* **TASK INSTRUCTIONS**
Repeat every entry exactly. Do not include the pictures.

* **Records from a collection**
####
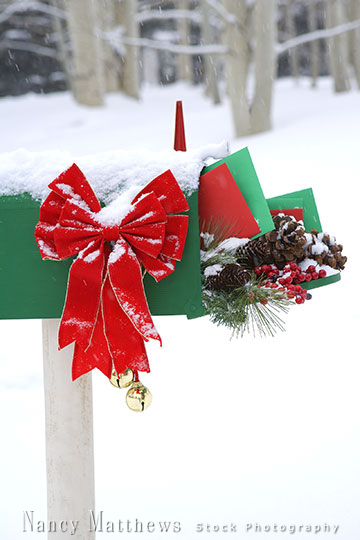 Description: snowy green mailbox at christmas
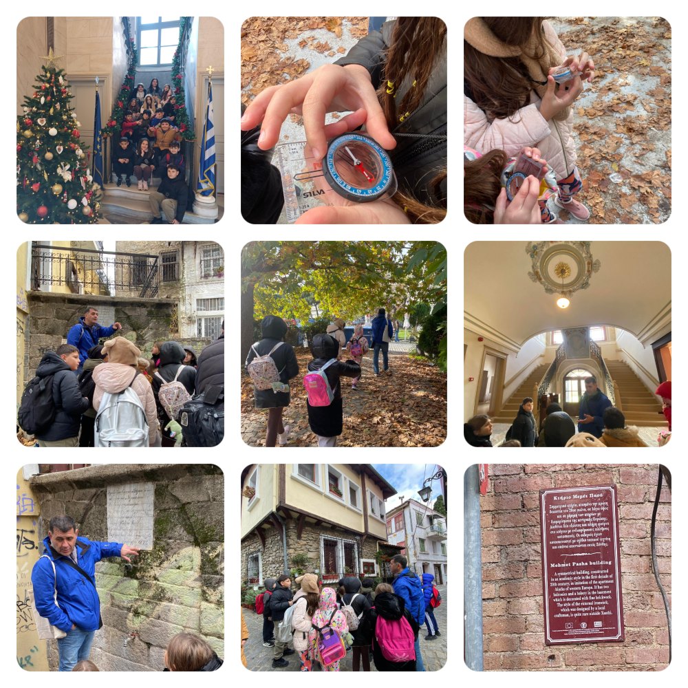 Οι μαθητές της Δ΄ τάξης ξεκίνησαν ένα μικρό ταξίδι στον χρόνο μέσα από το πρόγραμμα «Ο θησαυρός της παλιάς πόλης». Με πυξίδα στο χέρι και οδηγό τα στοιχεία του παιχνιδιού, ακολούθησαν μια διαδρομή γεμάτη ιστορίες και μυστικά. Πρώτη τους στάση ήταν το χάνι του Μωυσή, του πλουσιότερου εμπόρου καπνού της εποχής. Εκεί, μπήκαν στο σπίτι του — το σημερινό παλιό δημαρχείο — και το εξερεύνησαν σαν πραγματικοί μικροί ιστορικοί. Έπειτα κατευθύνθηκαν στη βρύση του 1875, του Νεκτάριου, όπου συζήτησαν για τη σπουδαιότητα του νερού και πόσο καθοριστικό ήταν για την καθημερινή ζωή των ανθρώπων.
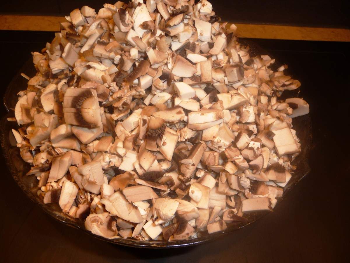 1) Préparer les champignons: les essuyer pour enlever la terre avec du papier ménage. Couper une partie du pied. Les couper en deux dans la longueur, puis plusieurs fois dans la longueur et dans la largeur afin d'obtenir des petits carrés. Arroser d'une bonne càs de jus de citron et mélanger. C'est la phase de la recette qui prend le plus de temps, mais mettez-vous à plusieurs (seule j'ai mis 30 minutes).
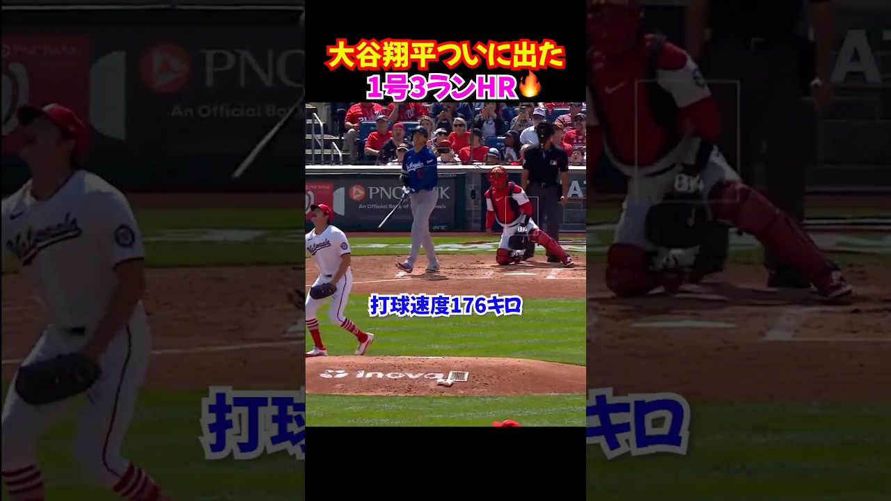 大谷翔平が敵地ナショナルズ戦で今季第1号となる同点3ランホームラン🔥
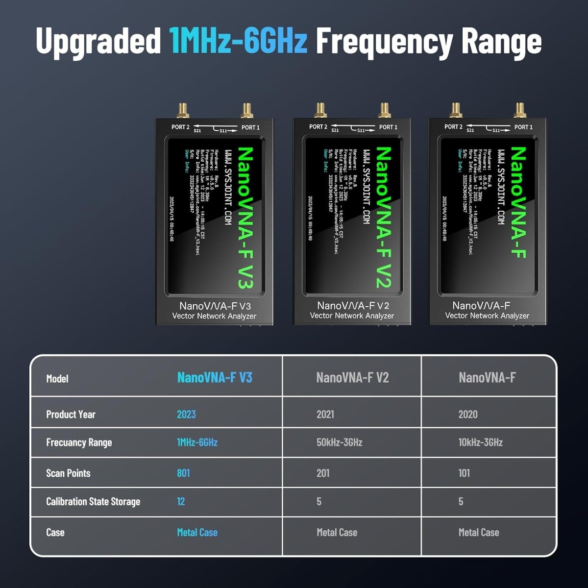 - ✅【Widely Frequency Range】: Compared to the Nanovna-F V2 (50kHz-3GHz), the upgraded Nanovna-F V3 has 1MHz-6GHz ultra-wide measuring frequency range, The S21 dynamic range of NanoVNA-F V3 is 65 dB, while the S11 dynamic range is 50 dB.
####
* **WRITTEN RESPONSE**
 Description: snowy green mailbox at christmas
 Οι μαθητές της Δ΄ τάξης ξεκίνησαν ένα μικρό ταξίδι στον χρόνο μέσα από το πρόγραμμα «Ο θησαυρός της παλιάς πόλης». Με πυξίδα στο χέρι και οδηγό τα στοιχεία του παιχνιδιού, ακολούθησαν μια διαδρομή γεμάτη ιστορίες και μυστικά. Πρώτη τους στάση ήταν το χάνι του Μωυσή, του πλουσιότερου εμπόρου καπνού της εποχής. Εκεί, μπήκαν στο σπίτι του — το σημερινό παλιό δημαρχείο — και το εξερεύνησαν σαν πραγματικοί μικροί ιστορικοί. Έπειτα κατευθύνθηκαν στη βρύση του 1875, του Νεκτάριου, όπου συζήτησαν για τη σπουδαιότητα του νερού και πόσο καθοριστικό ήταν για την καθημερινή ζωή των ανθρώπων.
 1) Préparer les champignons: les essuyer pour enlever la terre avec du papier ménage. Couper une partie du pied. Les couper en deux dans la longueur, puis plusieurs fois dans la longueur et dans la largeur afin d'obtenir des petits carrés. Arroser d'une bonne càs de jus de citron et mélanger. C'est la phase de la recette qui prend le plus de temps, mais mettez-vous à plusieurs (seule j'ai mis 30 minutes).
 大谷翔平が敵地ナショナルズ戦で今季第1号となる同点3ランホームラン🔥
 - ✅【Widely Frequency Range】: Compared to the Nanovna-F V2 (50kHz-3GHz), the upgraded Nanovna-F V3 has 1MHz-6GHz ultra-wide measuring frequency range, The S21 dynamic range of NanoVNA-F V3 is 65 dB, while the S11 dynamic range is 50 dB.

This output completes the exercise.